**What is needed**
Would you return the records below character for character, without any images?

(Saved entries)
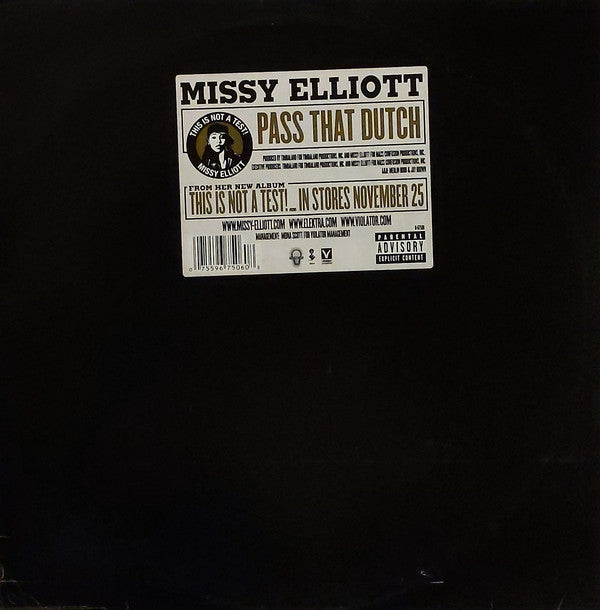 Pass That Dutch produced by Timbaland and Missy Elliot for Mass Confusion Productions Recorded at Hit Factory Criteria Miami, FL Mastered at The Hit Factory, NY ℗© 2003 Elektra Entertainment Group Inc. Warner Music Group, an AOL Time Warner Company. From her new album This Is Not A Test! Issued in a plain black cardboard sleeve with an information/hype sticker applied to the front.
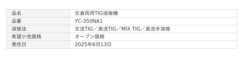フルデジタル溶接機のフラッグシップモデルとして交直両用TIG溶接機「YC-350NA1」を発売 ~より幅広い溶接施工に対応、操作の分かりやすさ、使いやすさを追求~
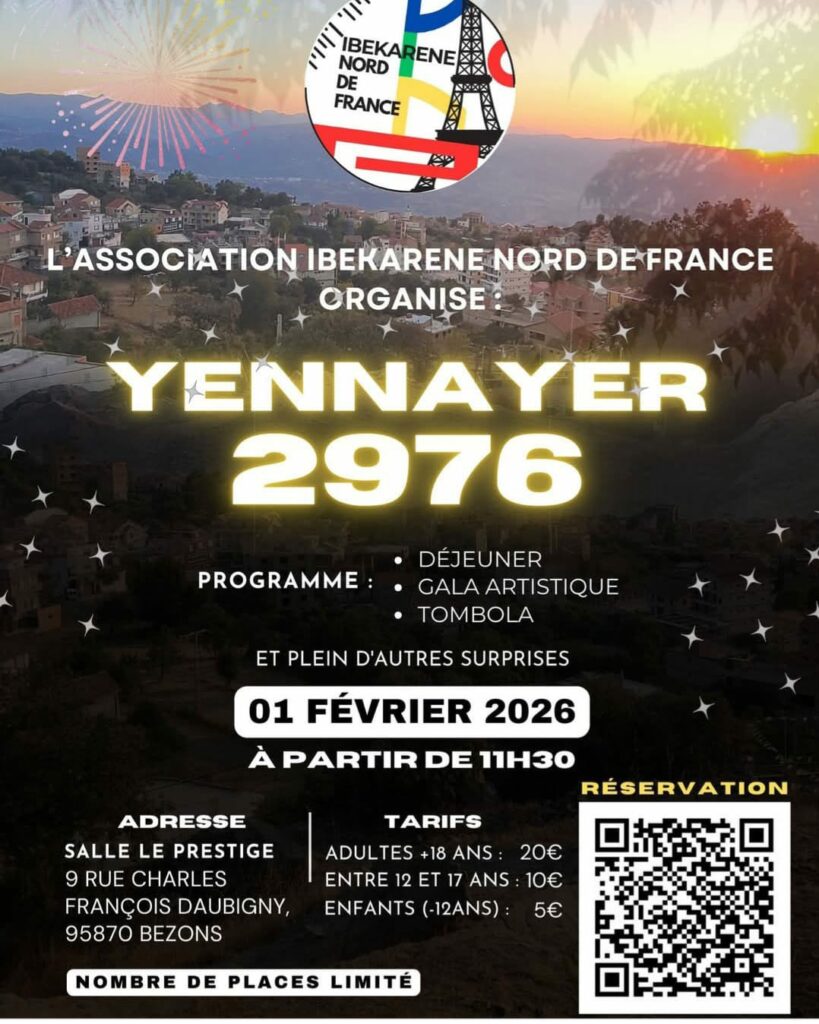 A l’occasion de yennayer 2976, le nouvel an amazigh, les associations se mobilisent et montrent le dynamisme des Berbères de France. Voici une liste (non exhaustive) de quelques rendez-vous de l’année 2026 :
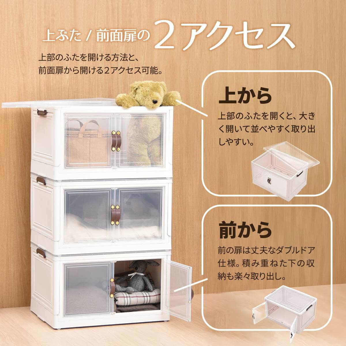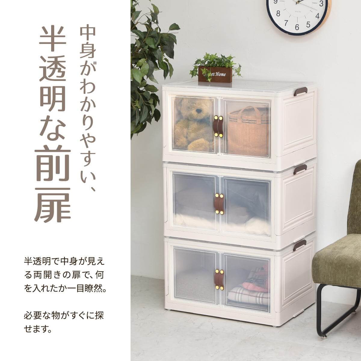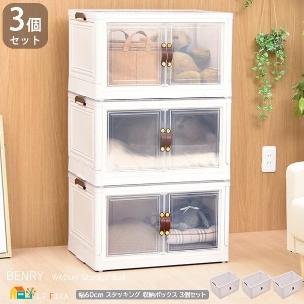 半透明で中身が見える扉付きの積み重ね可能な60cm幅の多機能収納ボックス3個セットです。
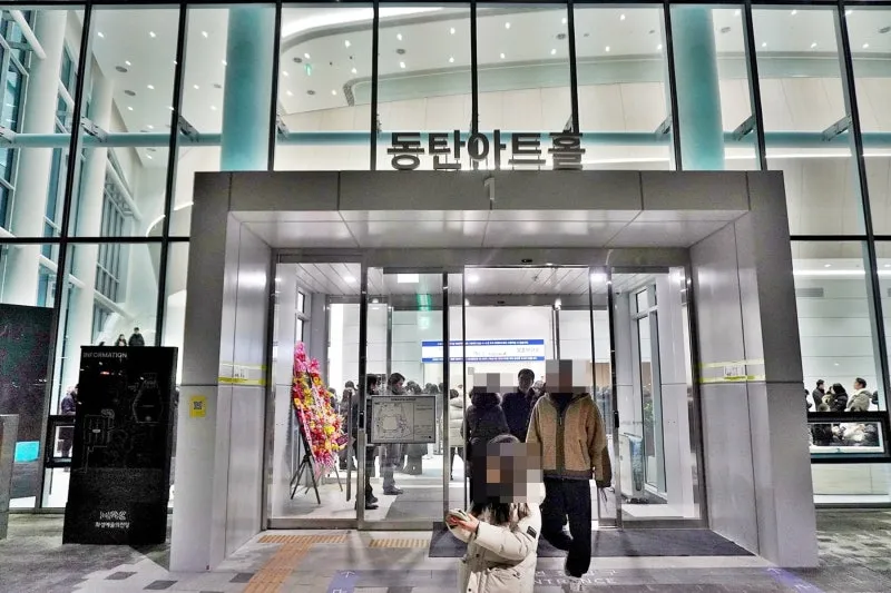 공연 시작까지 1시간을 앞둔 시간 동탄아트홀이 화려합니다. 1,450석 규모의 화성예술의전당 대공연장입니다. 제야콘서트는 화성시민들을 대상으로 전석 무료로 진행되었습니다. 12월 12일 선착순으로 티켓 예매가 진행되었었는데 불과 5분 만에 매진되었었습니다. 2025년의 마지막 날 어둠이 깊어진 시간 동탄아트홀을 찾아오는 발걸음이 계속됩니다.
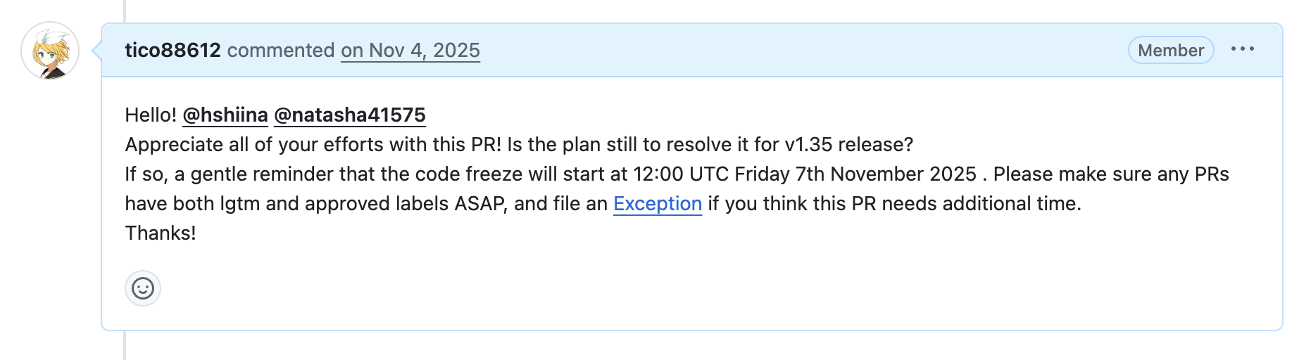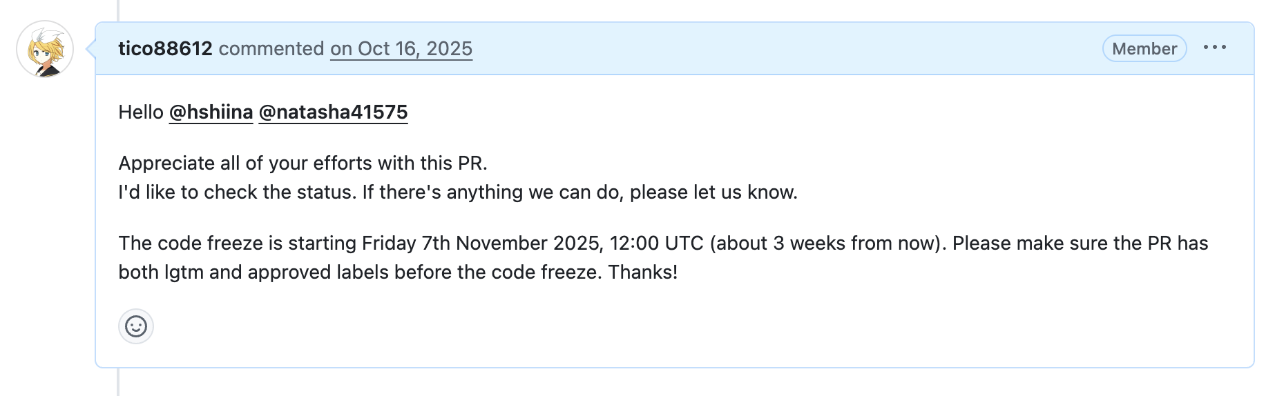 然後 Code Freeze 前 3 ~ 4 天要再傳一次訊息提醒那些有該版本的 milestone 還沒關閉的 Issue 和尚未處理的 PR(不包含已經有 /lgtm 或 /approve),說「已經剩下 X 天就要 code freeze,如果需要延後請發送 Exception 請求」

**Solution to the problem**
 Pass That Dutch produced by Timbaland and Missy Elliot for Mass Confusion Productions Recorded at Hit Factory Criteria Miami, FL Mastered at The Hit Factory, NY ℗© 2003 Elektra Entertainment Group Inc. Warner Music Group, an AOL Time Warner Company. From her new album This Is Not A Test! Issued in a plain black cardboard sleeve with an information/hype sticker applied to the front.
フルデジタル溶接機のフラッグシップモデルとして交直両用TIG溶接機「YC-350NA1」を発売 ~より幅広い溶接施工に対応、操作の分かりやすさ、使いやすさを追求~
 A l’occasion de yennayer 2976, le nouvel an amazigh, les associations se mobilisent et montrent le dynamisme des Berbères de France. Voici une liste (non exhaustive) de quelques rendez-vous de l’année 2026 :
 半透明で中身が見える扉付きの積み重ね可能な60cm幅の多機能収納ボックス3個セットです。
 공연 시작까지 1시간을 앞둔 시간 동탄아트홀이 화려합니다. 1,450석 규모의 화성예술의전당 대공연장입니다. 제야콘서트는 화성시민들을 대상으로 전석 무료로 진행되었습니다. 12월 12일 선착순으로 티켓 예매가 진행되었었는데 불과 5분 만에 매진되었었습니다. 2025년의 마지막 날 어둠이 깊어진 시간 동탄아트홀을 찾아오는 발걸음이 계속됩니다.
 然後 Code Freeze 前 3 ~ 4 天要再傳一次訊息提醒那些有該版本的 milestone 還沒關閉的 Issue 和尚未處理的 PR(不包含已經有 /lgtm 或 /approve),說「已經剩下 X 天就要 code freeze,如果需要延後請發送 Exception 請求」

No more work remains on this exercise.